WHAT TO WORK ON: Using the listing below, print exactly everything from the line with "总结验收(2023年10月-12月):通" down to the line with "ဒီလိုမ်ိဳးကတ္ထ", both included, and nothing more.
--- INFORMATION PROVIDED ---
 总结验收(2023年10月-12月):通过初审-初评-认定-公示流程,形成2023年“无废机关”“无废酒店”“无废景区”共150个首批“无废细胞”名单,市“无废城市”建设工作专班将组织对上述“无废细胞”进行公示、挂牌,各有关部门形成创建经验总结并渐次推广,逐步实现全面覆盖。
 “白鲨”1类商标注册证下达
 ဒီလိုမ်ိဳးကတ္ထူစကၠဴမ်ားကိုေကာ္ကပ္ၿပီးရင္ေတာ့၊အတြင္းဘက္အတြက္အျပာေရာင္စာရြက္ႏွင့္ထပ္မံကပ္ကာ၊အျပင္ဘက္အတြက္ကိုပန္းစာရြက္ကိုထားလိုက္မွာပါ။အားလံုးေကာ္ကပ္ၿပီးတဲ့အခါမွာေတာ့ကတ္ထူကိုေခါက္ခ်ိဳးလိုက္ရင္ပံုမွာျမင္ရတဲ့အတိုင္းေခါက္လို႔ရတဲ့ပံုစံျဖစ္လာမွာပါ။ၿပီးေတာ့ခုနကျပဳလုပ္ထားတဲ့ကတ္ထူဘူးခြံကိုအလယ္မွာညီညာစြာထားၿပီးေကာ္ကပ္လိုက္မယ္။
---
--- INFORMATION PROVIDED ---
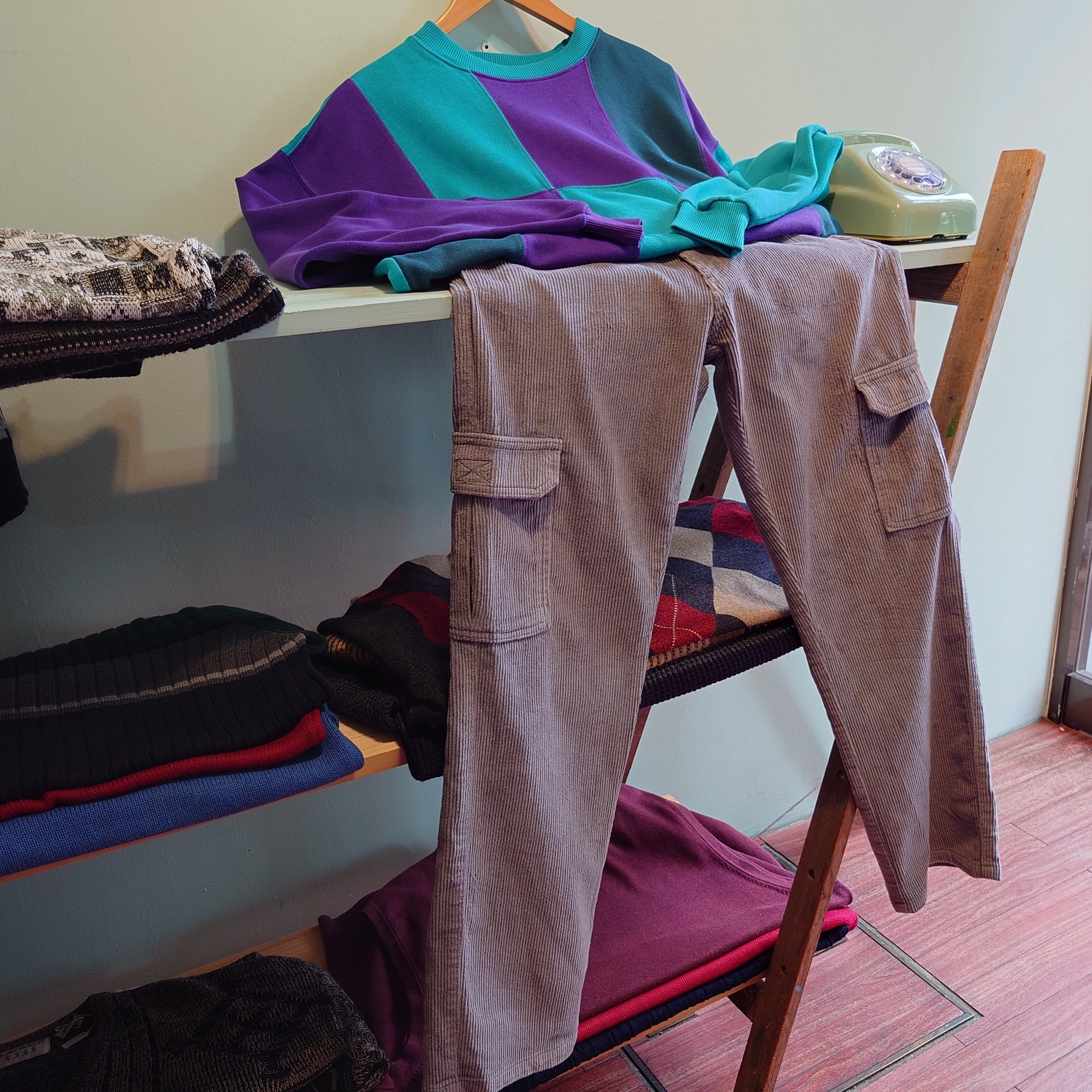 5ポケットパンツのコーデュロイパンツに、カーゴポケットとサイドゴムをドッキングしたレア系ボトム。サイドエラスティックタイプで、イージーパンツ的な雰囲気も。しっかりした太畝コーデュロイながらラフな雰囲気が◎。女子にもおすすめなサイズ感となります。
---
--- INFORMATION PROVIDED ---
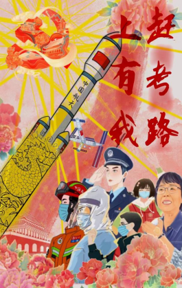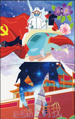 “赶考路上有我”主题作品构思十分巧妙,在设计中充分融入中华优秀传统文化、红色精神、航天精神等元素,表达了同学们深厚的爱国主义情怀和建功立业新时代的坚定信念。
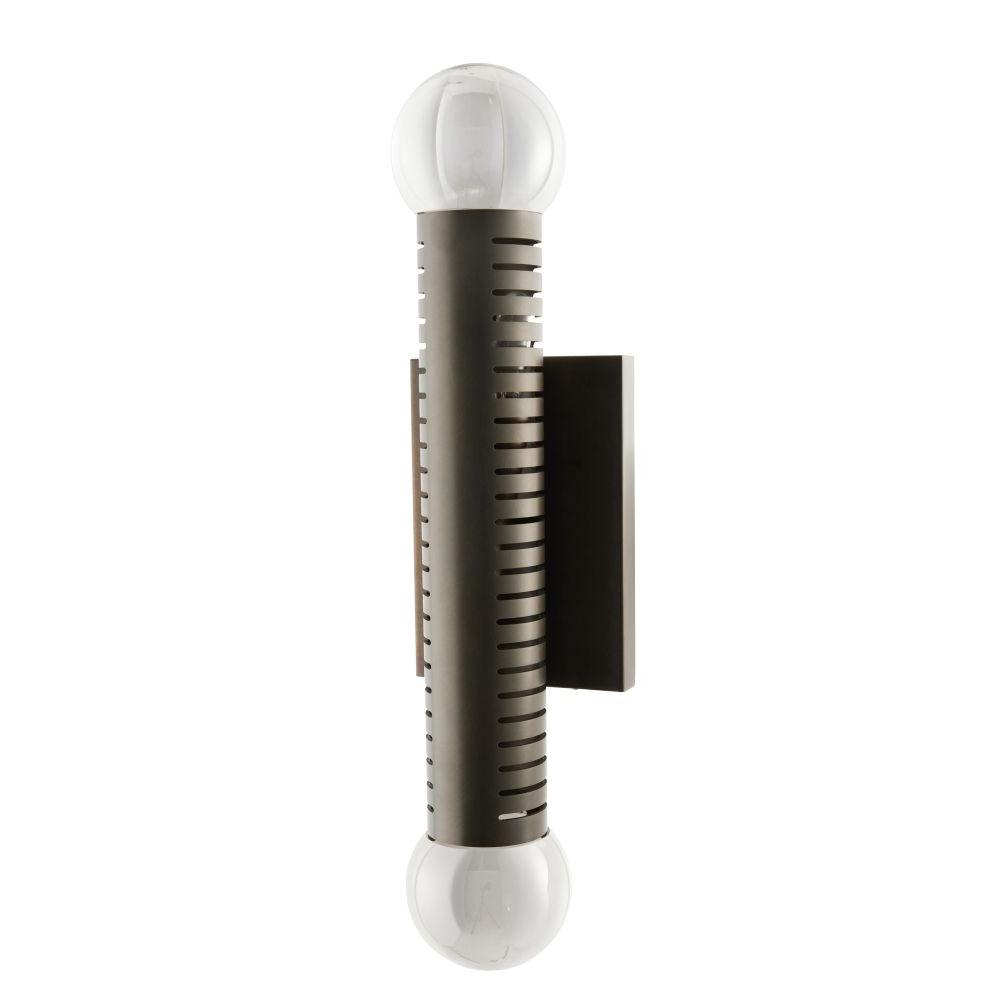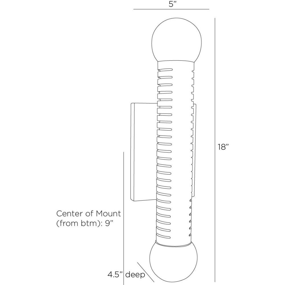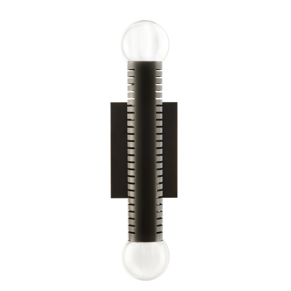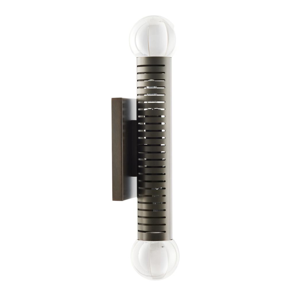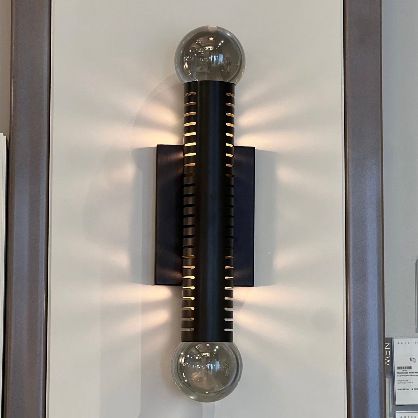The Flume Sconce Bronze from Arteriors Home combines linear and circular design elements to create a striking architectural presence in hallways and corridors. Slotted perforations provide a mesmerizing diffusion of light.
---
EXPECTED ANSWER:
 总结验收(2023年10月-12月):通过初审-初评-认定-公示流程,形成2023年“无废机关”“无废酒店”“无废景区”共150个首批“无废细胞”名单,市“无废城市”建设工作专班将组织对上述“无废细胞”进行公示、挂牌,各有关部门形成创建经验总结并渐次推广,逐步实现全面覆盖。
 “白鲨”1类商标注册证下达
 ဒီလိုမ်ိဳးကတ္ထူစကၠဴမ်ားကိုေကာ္ကပ္ၿပီးရင္ေတာ့၊အတြင္းဘက္အတြက္အျပာေရာင္စာရြက္ႏွင့္ထပ္မံကပ္ကာ၊အျပင္ဘက္အတြက္ကိုပန္းစာရြက္ကိုထားလိုက္မွာပါ။အားလံုးေကာ္ကပ္ၿပီးတဲ့အခါမွာေတာ့ကတ္ထူကိုေခါက္ခ်ိဳးလိုက္ရင္ပံုမွာျမင္ရတဲ့အတိုင္းေခါက္လို႔ရတဲ့ပံုစံျဖစ္လာမွာပါ။ၿပီးေတာ့ခုနကျပဳလုပ္ထားတဲ့ကတ္ထူဘူးခြံကိုအလယ္မွာညီညာစြာထားၿပီးေကာ္ကပ္လိုက္မယ္။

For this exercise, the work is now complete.